Все быстрее и быстрее, все ближе мчались пляшущие призраки вокруг головы Странного Горца. Не было для него большей радости, не было для него ничего лучшего в жизни, как играть на своей дудке, когда эти призраки, и Посвистни, и те, что мир золотят, и те, что его ночью кроют, и те, что его разрушают — летели к нему из пространства и плясали под его музыку. Эх, как он радовался! Ему казалось, что он мир заворожил у своих ног, — да так, пожалуй, оно и было. Конечно, дивной была игра, которую и духи слушали. Тешился он ею, играл себе, играл на высотах, на высоких гранях, где гордые выси гор оперли свои руки, чтобы спокойно разостлать огромные тела и уснуть под горным ветром. Эх! он играл там, где ветер гнет шею и крылья перелетного журавля, летит вниз к озерам, кружит вокруг гор, как орел, и, как огромный гриф с мечущей грады гривой, взвивается к звездам и расстилается туманом по земле.
Так он играл!..
Но теперь вдруг его охватил страх. Пляшущие призраки, безумно кружась вокруг его головы, плясали все ближе и ближе, все быстрее и порывистей, и стали задевать его волосы и лицо. Дивились два горца, что слушали его внизу, под скалами. Из дудки Странного Горца вырывались звуки, похожие на вой покрытых льдом скал, когда зимой об них ударяет бешеными крыльями буря. Вдруг дудка замолкла. Пляска захватила в свой вихрь Странного Горца за волосы, за плечи, за руки. Странный Горец с дудкой в руке кружился на скале, чуть не летал в воздухе. Изумились, испугались горцы. Он кружился, скакал на лету, вертелся, как обезумевшая в вихре ветка, которую ураган сорвет и начнет кружить плашмя на месте. Круги его становились все быстрее, скорее, порывистее. Призраки, которые слетались на его игру, как мотыльки на огонь, захватили его в свою пляску, в пляску, которую он вызвал своей игрой.

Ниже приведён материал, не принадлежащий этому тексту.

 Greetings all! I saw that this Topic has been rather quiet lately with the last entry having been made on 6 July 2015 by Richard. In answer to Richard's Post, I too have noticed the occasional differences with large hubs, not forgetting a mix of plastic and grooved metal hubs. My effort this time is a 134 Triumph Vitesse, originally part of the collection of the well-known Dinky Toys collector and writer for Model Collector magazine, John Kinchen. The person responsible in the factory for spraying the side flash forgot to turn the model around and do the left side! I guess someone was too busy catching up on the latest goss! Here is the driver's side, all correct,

Вот те, бледные, с улыбками упырей, что пришли неведомо откуда, начали сосать из него кровь, впиваясь губами в его лицо, шею и руки, роняя из всклокоченных волос огненных ящериц, похожих на пляшущие в ветре язычки факелов. Странный Горец не мог защищаться, не мог остановиться. Мглы вытянули кривые когти, Лазоревики оплетали его тело цепкими сетями, — со всех сторон, отовсюду падали на него хищные тенета. Он хотел вырваться из плясового вихря, из роя бестелесных призраков. Хотел вырваться, упереться, — не мог.

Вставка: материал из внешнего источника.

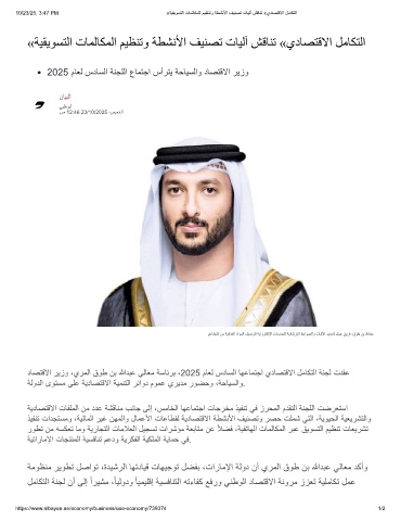 دﺎﺻﺗﻗﻻا رﯾزو ،يرﻣﻟا قوط نﺑ ﷲدﺑﻋ ﻲﻟﺎﻌﻣ ﺔﺳﺎﺋرﺑ ،2025 مﺎﻌﻟ سدﺎﺳﻟا ﺎﮭﻋﺎﻣﺗﺟا يدﺎﺻﺗﻗﻻا لﻣﺎﻛﺗﻟا ﺔﻧﺟﻟ تدﻘﻋ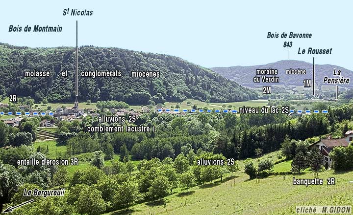 Il s'agit d'un tronçon de vallée morte, ancien chenal marginal d'écoulement des eaux, en marge d'une moraine rissienne. Ce fragment de matériel rissien doit sa conservation à ce que, ici encore, il était logé dans un creux élevé : c'est ce qui l'a mis à l'abri des érosions fluviatiles interglaciaires avant et après le retour du glacier wurmien.
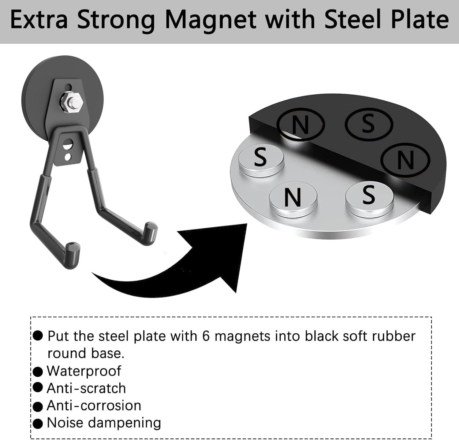 - 🧲[Large Storage Magnetic Hooks]:These magnetic hooks includes 2 (2.6inch) strong magnet base with threaded bar, spacers,nuts and 2 PVC coated medium L hooks. We tested that our medium L magnetic hook can hold any kind of EV charger,more than one gallon bottled water, any kind of garage tool,drill, toolbox etc.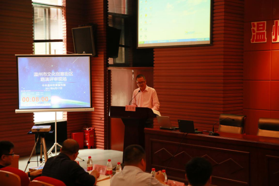 文化创意街区:17日下午两点开始进行温州市各大文化创意街区的路演,由林主任做开场演讲。参加街区包括本次路演所在地,蒲鞋街道创意街区、瓯窑小镇大师街等8大创意街区。路演的打分指标包括以下七个方面:规划设计、功能定位、空间规模、配套设施、品牌活动、运营管理、综合表现能力。创意街区是文化产业集聚的的表现,他的规模比较大,包含了创意园和众多的文化企业,给他们提供一个工作和交流的平台,促进文化产业蓬勃的发展,也给街道带来丰富的文化气息,加快退二进三的进程,同时也带动了街道经济的发展。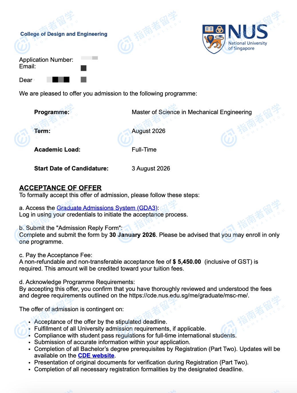 新加坡國立大學(xué)機(jī)械工程理學(xué)碩士研究生offer一枚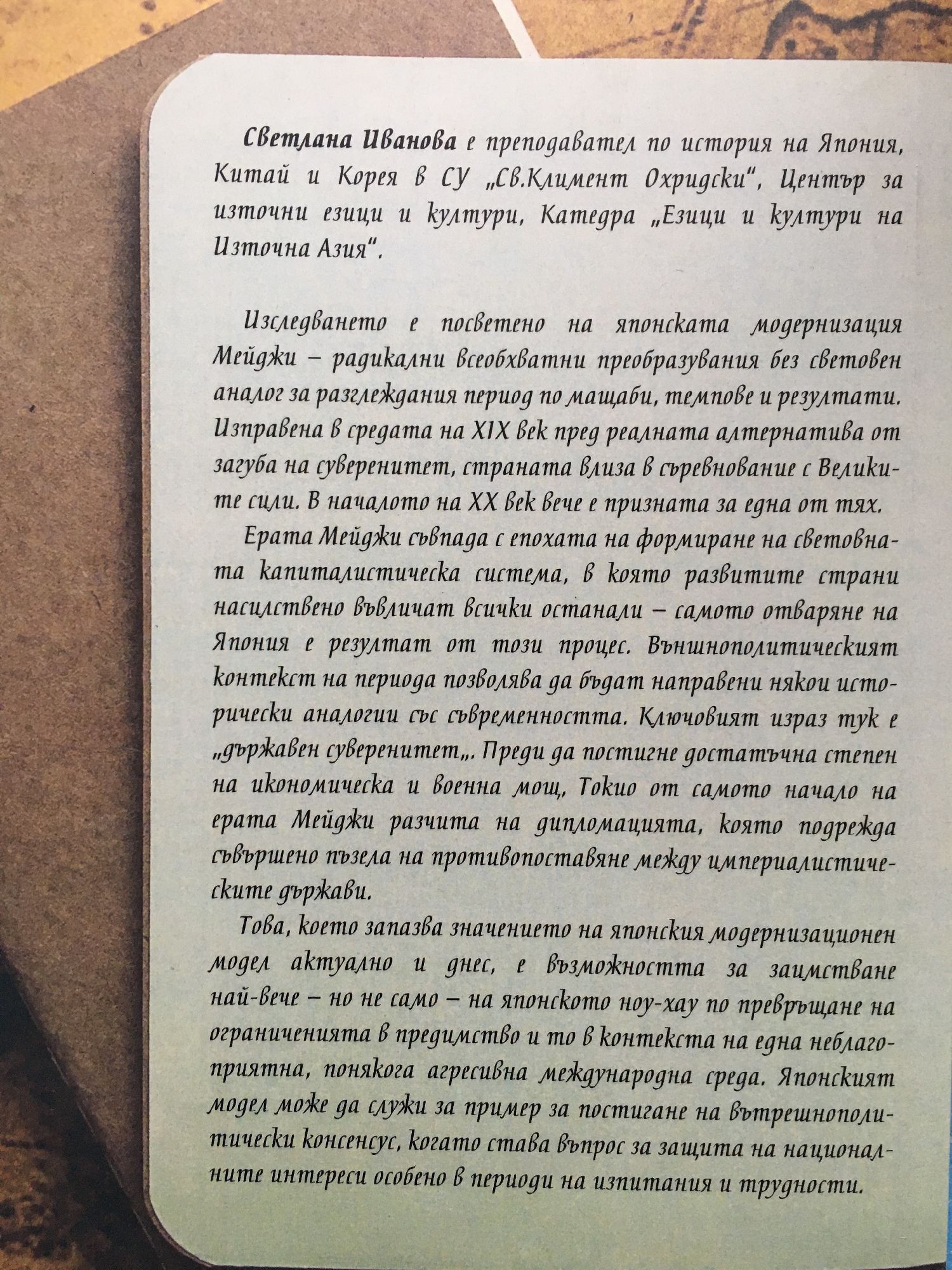 Изследването е посветено на японската модернизация Мейджи – радикални всеобхватни преобразувания без световен аналог за разглеждания период по мащаби, темпове и резултати. Изправена в средата на XIX век пред реалната алтернатива от загуба на суверенитет, страната влиза в съревнование с Великите сили. В началото на XX век вече е призната за една от тях. Ерата Мейджи съвпада с епохата на формиране на световната капиталистическа система, в която развитите страни насилствено въвличат всички останали – самото отваряне на Япония е резултат от този процес. Външнополитическият контекст на периода позволява да бъдат направени някои исторически аналогии със съвременността. Ключовият израз тук е „държавен суверенитет“. Преди да постигне достатъчна степен на икономическа и военна мощ, Токио от самото начало на ерата Мейджи разчита на дипломацията, която подрежда съвършено пъзела на противопоставяне между империалистическите държави. Това, което запазва значението на японския модернизационен модел актуално и днес, е възможността за заимстване най-вече – но не само – на японското ноу-хау по превръщане на ограниченията в предимство и то в контекста на една неблагоприятна, понякога агресивна международна среда. Японският модел може да служи за пример за постигане на вътрешнополитически консенсус, когато става въпрос за защита на националните интереси особено в периоди на изпитания и трудности.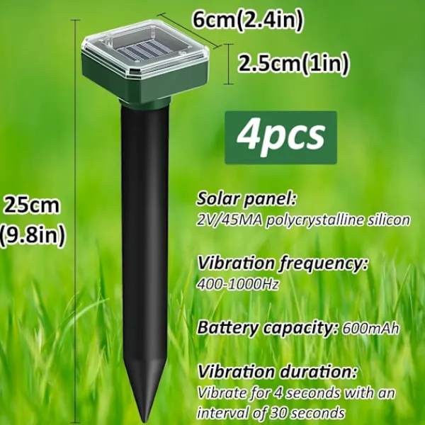 【Mångsidig】Solcellsavvisaren för mullvadar avger starka vibrationsvågor och surrande ljud som gör djuren obekväma och driver bort dem. Den är lämplig för öppna gräsmattor, parker, gårdar, trädgårdar och andra öppna platser.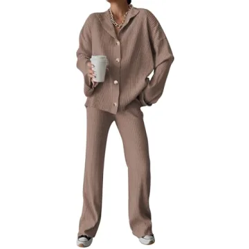 Show more Experience the epitome of comfort and style with the Cakulo Women's 2 Piece Sweater Set. Crafted from premium acrylic fabric, this set guarantees a luxuriously soft touch against your skin. The exquisite two-piece lounge ensemble is not just about quality; it's about transforming your wardrobe into a haven of comfort. With a versatile button-up cardigan featuring a chic ribbed texture, you can effortlessly switch between a flattering V-neck and a classic crew neck, allowing personal expression in your style. Its long sleeves and oversized fit make it a must-have for trendy fall outfits in 2024, ensuring you're always on point regardless of the occasion.

Земля уходила у него из-под ног, камни становились скользкими, словно их покрыл лед. Он плясал на скале, влекомый какою-то силой, под такт музыки, которая замолкла в дудке, но звучала в воздухе. И скалы над ним, и долины и озера под ним — стали вертеться в чудовищном хороводе, в страшном хаосе. Мозг стал лопаться в голове Странного Горца. Сердце не успевало биться.
— Погибаю! — раздался отчаянный крик.
Его призраки! Его призраки! И те, и те что пришли — откуда?

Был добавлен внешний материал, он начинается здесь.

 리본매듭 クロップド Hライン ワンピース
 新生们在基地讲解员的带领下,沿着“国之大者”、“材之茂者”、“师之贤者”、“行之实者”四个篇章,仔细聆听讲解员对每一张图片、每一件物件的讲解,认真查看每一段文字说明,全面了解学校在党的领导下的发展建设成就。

Завороженные игрой, завороженные в пляску — под его музыку…
Вдруг дудка лопнула в руке Странного Горца, а он сам закружился и грохнулся вниз головою к Пятиозерью, на скалы, со скал на камни внизу — мозг брызгал на острых камнях, кровь падала каплями, как искры головни, брошенной с горы.
— Смотри! Смотри! Что случилось!? Он на ту сторону упал! — крикнул в ужасе один горец другому, один из тех, что слушали и смотрели снизу.
— Господи! Словно его что-то сдунуло! — крикнул другой в ужасе.
— Ей-ей! Да что? Ведь там с ним никого не было!
— Кто знает? Может, кто и был, да только нам видеть нельзя! — ответил второй.
Помолчали минуту.
— Да кто ж это там мог быть?
— Нечистый!
И оба бросились бежать вниз по пескам к Панщицким шалашам, держа в руках шляпы, чтобы они не свалились от их козьих прыжков. От ужаса волосы стали дыбом у них на голове.
ДОЛИНА ПОДГАЛЬЯ В ПРЕЖНЕЕ ВРЕМЯ
В старину, когда по всей Подгалянской долине от Особистой горы на Ораве до самого Спижа, до его ледяных вершин везде чернели только леса, леса и леса, — все было совсем иначе. Страшно и жутко; люди редко еще там селились и только кое-где, кое-где вырубали поляны. Строили они избы из круглых стволов, трехугольные шалаши. Ворота, замки должны были быть крепки. Амбары и овины заперты со всех сторон: и в оврагах и в реках полно было богинок, — ну, они и лезли и много вреда делали людям. Надоедали, страсть!
Не до шуток тогда было! Тогда люди должны были до захода солнца запираться в избах на всю ночь и выходить из них только на следующее утро. Ничего не поделаешь! Богинки всю ночь не давали спать, а все ходили вокруг стен, стучали и звали: «Кума! А кума!.. Коровы у тебя передрались. Бодаются!..» А пусть только кума откроет дверь в сени — ого! — она уж в овраге!.. И, Бог весть, когда еще ее оттуда вытащат… Мужиков они немного боялись, но бабам приходилось опасаться их; и бабы боялись богинок, как огня.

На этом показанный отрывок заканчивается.